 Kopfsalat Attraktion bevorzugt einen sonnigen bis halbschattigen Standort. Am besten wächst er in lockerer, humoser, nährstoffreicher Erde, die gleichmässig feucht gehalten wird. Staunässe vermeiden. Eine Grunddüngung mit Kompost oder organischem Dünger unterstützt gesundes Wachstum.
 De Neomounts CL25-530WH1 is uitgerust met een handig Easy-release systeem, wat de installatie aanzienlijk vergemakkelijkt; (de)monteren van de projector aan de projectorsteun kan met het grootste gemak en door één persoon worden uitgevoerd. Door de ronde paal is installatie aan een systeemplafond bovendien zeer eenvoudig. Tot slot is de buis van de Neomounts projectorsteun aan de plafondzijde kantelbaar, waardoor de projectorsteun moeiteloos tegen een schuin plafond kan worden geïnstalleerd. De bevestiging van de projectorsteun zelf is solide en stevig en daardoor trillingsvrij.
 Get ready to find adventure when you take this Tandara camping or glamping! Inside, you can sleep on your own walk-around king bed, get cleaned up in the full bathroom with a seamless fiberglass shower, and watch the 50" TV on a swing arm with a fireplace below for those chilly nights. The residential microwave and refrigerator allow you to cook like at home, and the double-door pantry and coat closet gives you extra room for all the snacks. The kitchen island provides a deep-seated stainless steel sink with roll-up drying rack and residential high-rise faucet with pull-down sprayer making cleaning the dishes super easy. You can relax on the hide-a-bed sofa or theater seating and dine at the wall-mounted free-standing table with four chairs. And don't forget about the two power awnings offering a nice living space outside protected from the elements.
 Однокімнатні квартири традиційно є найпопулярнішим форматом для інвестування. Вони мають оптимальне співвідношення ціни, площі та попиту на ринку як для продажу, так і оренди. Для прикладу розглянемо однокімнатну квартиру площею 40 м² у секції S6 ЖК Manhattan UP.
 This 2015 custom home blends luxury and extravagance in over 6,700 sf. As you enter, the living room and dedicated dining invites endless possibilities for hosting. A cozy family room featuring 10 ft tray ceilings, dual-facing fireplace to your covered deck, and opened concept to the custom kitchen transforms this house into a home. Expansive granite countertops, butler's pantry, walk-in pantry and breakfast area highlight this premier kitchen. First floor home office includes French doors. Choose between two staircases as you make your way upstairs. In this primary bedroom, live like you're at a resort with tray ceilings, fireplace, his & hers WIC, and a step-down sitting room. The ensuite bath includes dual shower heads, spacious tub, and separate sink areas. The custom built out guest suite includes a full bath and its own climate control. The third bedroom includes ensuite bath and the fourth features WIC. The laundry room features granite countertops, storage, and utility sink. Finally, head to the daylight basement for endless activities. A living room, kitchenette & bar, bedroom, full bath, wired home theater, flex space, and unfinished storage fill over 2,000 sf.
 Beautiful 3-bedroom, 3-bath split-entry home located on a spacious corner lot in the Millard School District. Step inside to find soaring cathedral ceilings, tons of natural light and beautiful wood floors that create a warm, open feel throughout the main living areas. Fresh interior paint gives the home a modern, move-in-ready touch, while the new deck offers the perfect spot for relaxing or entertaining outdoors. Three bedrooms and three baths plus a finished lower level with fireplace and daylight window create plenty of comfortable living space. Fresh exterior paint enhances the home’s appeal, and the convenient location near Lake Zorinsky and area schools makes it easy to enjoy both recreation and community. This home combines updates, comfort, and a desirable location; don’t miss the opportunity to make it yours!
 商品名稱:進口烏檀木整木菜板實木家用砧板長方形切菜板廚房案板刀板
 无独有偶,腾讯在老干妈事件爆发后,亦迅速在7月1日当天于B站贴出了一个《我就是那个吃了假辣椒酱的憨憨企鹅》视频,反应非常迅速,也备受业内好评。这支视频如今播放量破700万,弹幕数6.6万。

◆ Assignment: In the lines above, every record is to be repeated exactly.

◆ Result:
 Kopfsalat Attraktion bevorzugt einen sonnigen bis halbschattigen Standort. Am besten wächst er in lockerer, humoser, nährstoffreicher Erde, die gleichmässig feucht gehalten wird. Staunässe vermeiden. Eine Grunddüngung mit Kompost oder organischem Dünger unterstützt gesundes Wachstum.
 De Neomounts CL25-530WH1 is uitgerust met een handig Easy-release systeem, wat de installatie aanzienlijk vergemakkelijkt; (de)monteren van de projector aan de projectorsteun kan met het grootste gemak en door één persoon worden uitgevoerd. Door de ronde paal is installatie aan een systeemplafond bovendien zeer eenvoudig. Tot slot is de buis van de Neomounts projectorsteun aan de plafondzijde kantelbaar, waardoor de projectorsteun moeiteloos tegen een schuin plafond kan worden geïnstalleerd. De bevestiging van de projectorsteun zelf is solide en stevig en daardoor trillingsvrij.
 Get ready to find adventure when you take this Tandara camping or glamping! Inside, you can sleep on your own walk-around king bed, get cleaned up in the full bathroom with a seamless fiberglass shower, and watch the 50" TV on a swing arm with a fireplace below for those chilly nights. The residential microwave and refrigerator allow you to cook like at home, and the double-door pantry and coat closet gives you extra room for all the snacks. The kitchen island provides a deep-seated stainless steel sink with roll-up drying rack and residential high-rise faucet with pull-down sprayer making cleaning the dishes super easy. You can relax on the hide-a-bed sofa or theater seating and dine at the wall-mounted free-standing table with four chairs. And don't forget about the two power awnings offering a nice living space outside protected from the elements.
 Однокімнатні квартири традиційно є найпопулярнішим форматом для інвестування. Вони мають оптимальне співвідношення ціни, площі та попиту на ринку як для продажу, так і оренди. Для прикладу розглянемо однокімнатну квартиру площею 40 м² у секції S6 ЖК Manhattan UP.
 This 2015 custom home blends luxury and extravagance in over 6,700 sf. As you enter, the living room and dedicated dining invites endless possibilities for hosting. A cozy family room featuring 10 ft tray ceilings, dual-facing fireplace to your covered deck, and opened concept to the custom kitchen transforms this house into a home. Expansive granite countertops, butler's pantry, walk-in pantry and breakfast area highlight this premier kitchen. First floor home office includes French doors. Choose between two staircases as you make your way upstairs. In this primary bedroom, live like you're at a resort with tray ceilings, fireplace, his & hers WIC, and a step-down sitting room. The ensuite bath includes dual shower heads, spacious tub, and separate sink areas. The custom built out guest suite includes a full bath and its own climate control. The third bedroom includes ensuite bath and the fourth features WIC. The laundry room features granite countertops, storage, and utility sink. Finally, head to the daylight basement for endless activities. A living room, kitchenette & bar, bedroom, full bath, wired home theater, flex space, and unfinished storage fill over 2,000 sf.
 Beautiful 3-bedroom, 3-bath split-entry home located on a spacious corner lot in the Millard School District. Step inside to find soaring cathedral ceilings, tons of natural light and beautiful wood floors that create a warm, open feel throughout the main living areas. Fresh interior paint gives the home a modern, move-in-ready touch, while the new deck offers the perfect spot for relaxing or entertaining outdoors. Three bedrooms and three baths plus a finished lower level with fireplace and daylight window create plenty of comfortable living space. Fresh exterior paint enhances the home’s appeal, and the convenient location near Lake Zorinsky and area schools makes it easy to enjoy both recreation and community. This home combines updates, comfort, and a desirable location; don’t miss the opportunity to make it yours!
 商品名稱:進口烏檀木整木菜板實木家用砧板長方形切菜板廚房案板刀板
 无独有偶,腾讯在老干妈事件爆发后,亦迅速在7月1日当天于B站贴出了一个《我就是那个吃了假辣椒酱的憨憨企鹅》视频,反应非常迅速,也备受业内好评。这支视频如今播放量破700万,弹幕数6.6万。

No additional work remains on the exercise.